Specialty compressor oils minimize chemical process downtime, repairs
Chemical plant compressors can be part of very complex and reactive process gas handling systems that are designed to drive and isolate the process, protect the environment and the people surrounding it.
Chemical plant compressors can be part of very complex and reactive process gas handling systems that are designed to drive and isolate the process, protect the environment and the people surrounding it. To maintain optimum performance of compressors, as well as protect the environment and employees, plant managers must use the right lubricant.
Oils are not interchangeable: gear oil is not hydraulic oil and spindle oil is not compressor oil. Each has very different properties and can be customized to meet the needs of a specific industry and application. Improper selection can have severe consequences to quality and production %%MDASSML%% especially where contact between process stream and lubricant may occur.
Two of the key components of finished lubricants are base oil and additive package. While the base oil is very important for compatibility with the application, it is often the additive package that determines a lubricant’s success in demanding applications.

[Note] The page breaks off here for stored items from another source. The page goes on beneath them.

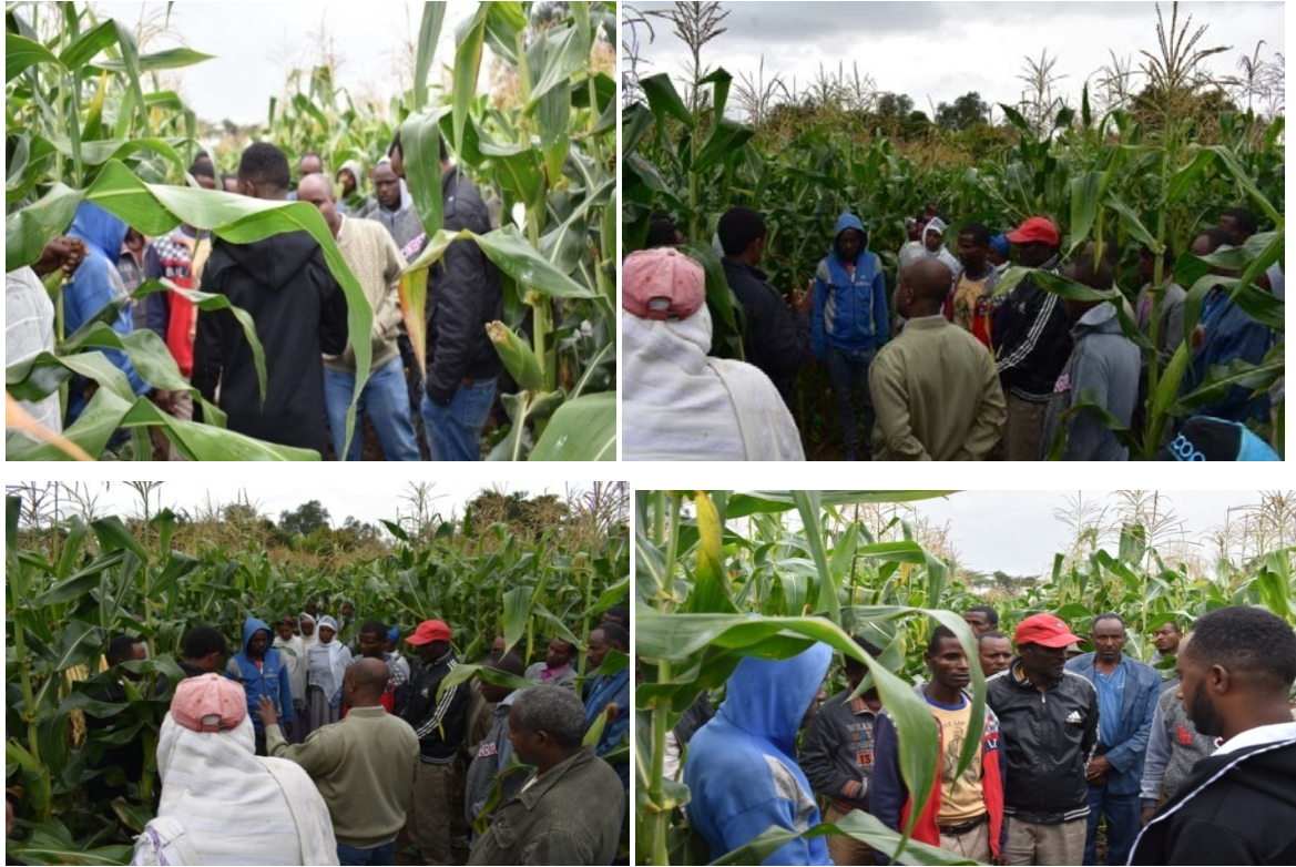
Figure 3. Min-Field day at Dugda woreda,2018 crop season.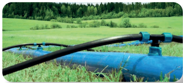
PRE-HOLED BLU TD-FLAT LAYFLAT PRE-INSERTED STARTER 1/2" F - ROLLS 100 MT

Recommended dripline start fittings: for tape: RMP639 - RMP640 - RMP641 - RMP642 for dripline: RMP631 - RMP632 - RMP637 - RMP638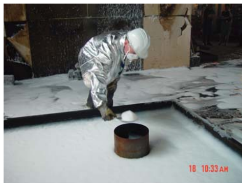
Figure 4. Burn back preparation

After passing both of the torch tests, a burn-back test is conducted. A 0.3m (1ft) diameter stovepipe is placed approximately 0.76m (2.5 ft) from each of two adjacent sides of the test pan, in the corner where the flame extinguished last, and placed in such a manner that the foam blanket is not disturbed. The portion of the foam blanket that is enclosed by the stovepipe is removed (Figure 4), and the fuel inside the stovepipe is ignited and allowed to burn for 1 minute.

Depending on the conditions in which they are expected to perform, compressor oils may have completely different additive packages with various rust and oxidation inhibitors. Motor oils are formulated with detergents and dispersants among other additives not found in most other oils. They bring no useful benefits to compressor applications, and the additional additives may mask or cause problems. Many industrial processes are not thought to experience major problematic conditions because the process is, for the most part, inert. This is the case for standard compressors, which are compressing air for general plant use.

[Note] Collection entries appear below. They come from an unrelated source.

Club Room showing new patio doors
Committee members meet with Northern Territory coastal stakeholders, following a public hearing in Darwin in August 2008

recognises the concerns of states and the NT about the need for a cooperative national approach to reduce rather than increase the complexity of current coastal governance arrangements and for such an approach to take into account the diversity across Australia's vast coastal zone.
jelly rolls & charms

Additives are chemicals added to base oils to either enhance properties or impart properties to the base oil that it does not inherently have. Additives must be carefully chosen based on the intended application and environment. As with any other chemical, additives have the potential to react with other chemicals they encounter. While lubricant formulators can manage and control additive interactions of a given lubricant’s additive package, the end-user must ensure that active or harsh chemicals that may contact the lubricant will not cause undesirable reactions that may lead to lubricant degradation or process contamination.
Information on a lubricant’s base oil is typically well published or advertised, but the additive package often goes overlooked, making this critical component easy to ignore in the lubricant selection process. Without knowledge of the additive package, the end user relies on brand familiarity or trust. This can be a serious mistake, as the additive package can have a significant impact on performance.
Compressors and vacuum pumps used in process gas streams consisting of active chemistry such as anhydrous hydrochloric acid or methyl chloride can benefit from specialty lubricants that are formulated to serve in harsh chemical service. These lubricants are free of most additives found in multi-purpose oils or motor oils. Even oils labeled as compressor or vacuum pump oils may have additives that will react adversely with the process gas stream. These reactions can form deposits that quickly promote excessive bearing wear and even more serious wear on larger rotating components such as rotary screws and compression chamber walls. Deterioration of these components can lead to the onset of reduced capacity and ultimate failure of the equipment. Downtime combined with repair or replacement costs for the equipment can easily kill a budget for a reliability or maintenance professional.
Seldom is the lubricant thought to be the suspected culprit until one with lubrication knowledge and process gas stream chemistry experience is able to solve the mystery. Lubricant failure is often attributed to contamination when the true cause is an improper lubricant additive package.
Even use of the most appropriate lubricant can bring some unwanted features. Using a lubricant that is less reactive because of additive package may negatively impact lubricant life expectancy. For example, an absence or reduction in an antioxidant may lead to more rapid base oil oxidation, requiring oil changes to be done more frequently. In most cases, chemical process streams consist of little to no oxygen (air), so the need for antioxidant additives is reduced or not required at all. In cases where oxygen is present to some extent, shorter lubricant life due to oxidation can be a small price to pay versus the alternatives to the potential scenarios discussed earlier. To maximize overall cost effectiveness and promote improved uptime numbers, maintenance based on condition monitoring is always a good option. Oil analysis is one such conditional approach in determining when to perform maintenance activity such as an oil change.
To select the most appropriate lubricant and correctly balance reactivity with factors such as life expectancy, even knowledgeable maintenance experts should consult with their lubricant supplier to ensure they make their decisions based on the most current and accurate information.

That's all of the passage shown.